3D interactive visualization of AI embedding spaces. Fly through the conceptual geography of how language models represent ideas — right in your browser.

License: AGPL v3

What is this?

Noosphere takes a vocabulary of 10,000+ English words, embeds them using an AI model (MiniLM or Qwen3), reduces the high-dimensional vectors to 3D with PaCMAP, clusters them with HDBSCAN, and renders the result as an interactive point cloud you can explore.

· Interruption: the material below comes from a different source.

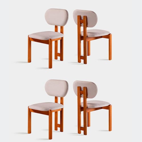 Kit 4 Cadeiras Turim - Madeira Macica e Tecido Linho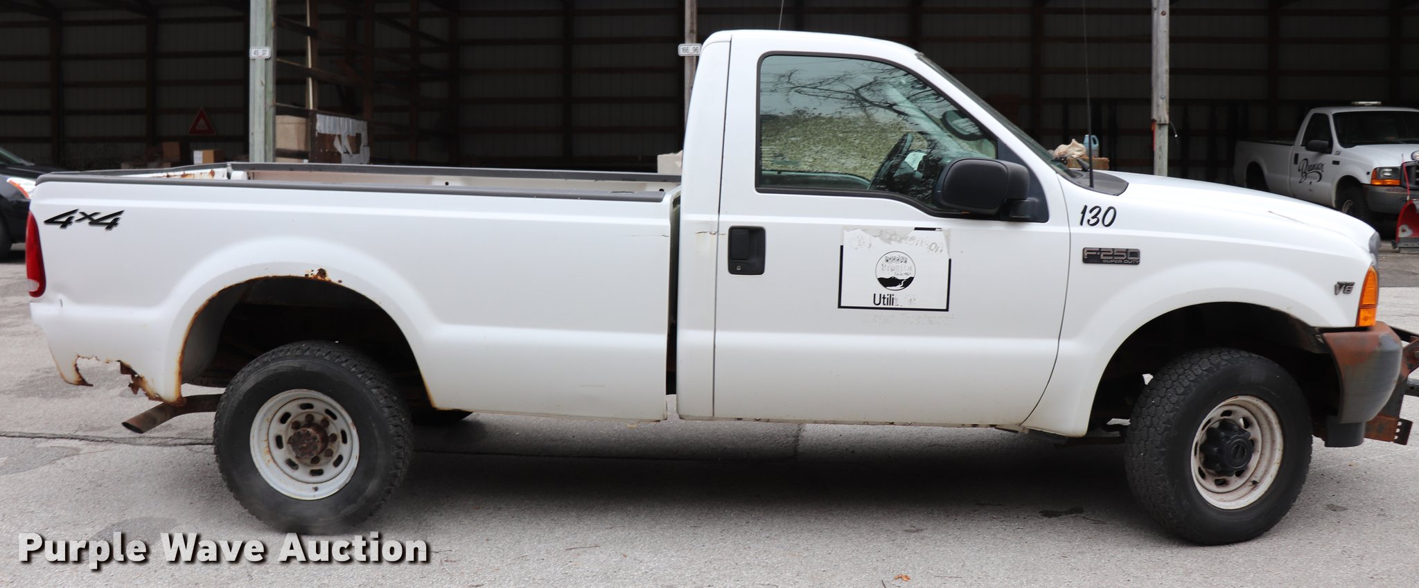 Purple Wave is selling a used 3/4 or 1 Ton Pickup or Van in Missouri. This item is a 2001 Ford F250 Super Duty pickup truck with the following: 166,812 miles on odometer, 5.4L V8 SOHC 16V gas engine, Automatic transmission, Four wheel drive, AC and heat, Tilt, Cruise, Manual windows and locks, Vinyl interior, Long bed, Receiver hitch, 245/75R16 tires, Rear bumper missing, Cracked windshield, Unit# 130

Each glowing point is a word. Nearby points are semantically similar. Colors represent clusters of related concepts. You navigate an AI's mind.

Features

  • Semantic teleport — type any word or sentence, the model embeds it in real-time and flies you to where it lives in the space
  • Bias probe — pick two concepts as poles (e.g. "male" / "female") and watch the entire space recolor on a gradient showing every concept's relative association. Export results as CSV.
  • Neighborhood view — select any point, see its nearest neighbors highlighted with connecting constellation lines
  • Analogy explorer — input "A is to B as C is to ___" and watch vector arithmetic play out in 3D
  • Comparison mode — embed two sentences and see where they land, how far apart they are, and what surrounds them
  • Fly mode — switch from orbit to WASD + mouse look for full free-flight immersion
  • Beginner / Advanced toggle — progressive disclosure of analytical tools

Quick Start

Prerequisites

  • Python 3.11python.org (3.12 may work but is untested)
  • uv — fast Python package manager: pip install uv or see docs.astral.sh/uv
  • Node.js 18+nodejs.org
  • GPU (optional) — CUDA or MPS (Apple Silicon) for faster pipeline runs. CPU works fine.

Install & Run

git clone https://github.com/davidkny22/Noosphere.git
cd Noosphere
npm run setup    # installs Python + Node dependencies (~2 min first time)
npm start        # launches server + frontend together

Open http://localhost:5173 and explore.

A pre-built 10K-word MiniLM space ships with the repo. No pipeline run needed.

Setup (Manual)

If you prefer to run components separately, or need more control:

Server (embedding API)

cd server
uv sync
uv run serve

Starts at http://localhost:8000. The server loads all spaces found in web/public/spaces/ and provides embedding, neighbor search, bias probing, analogy, and comparison endpoints.

The server is required for advanced features (embed, bias probe, analogy, comparison). The visualization itself works without it — you can still browse and search the pre-built space.

Frontend

cd web
npm install
npm run dev        # starts both frontend + server via concurrently (default)
npm run dev:web    # starts frontend only (if you're running the server separately)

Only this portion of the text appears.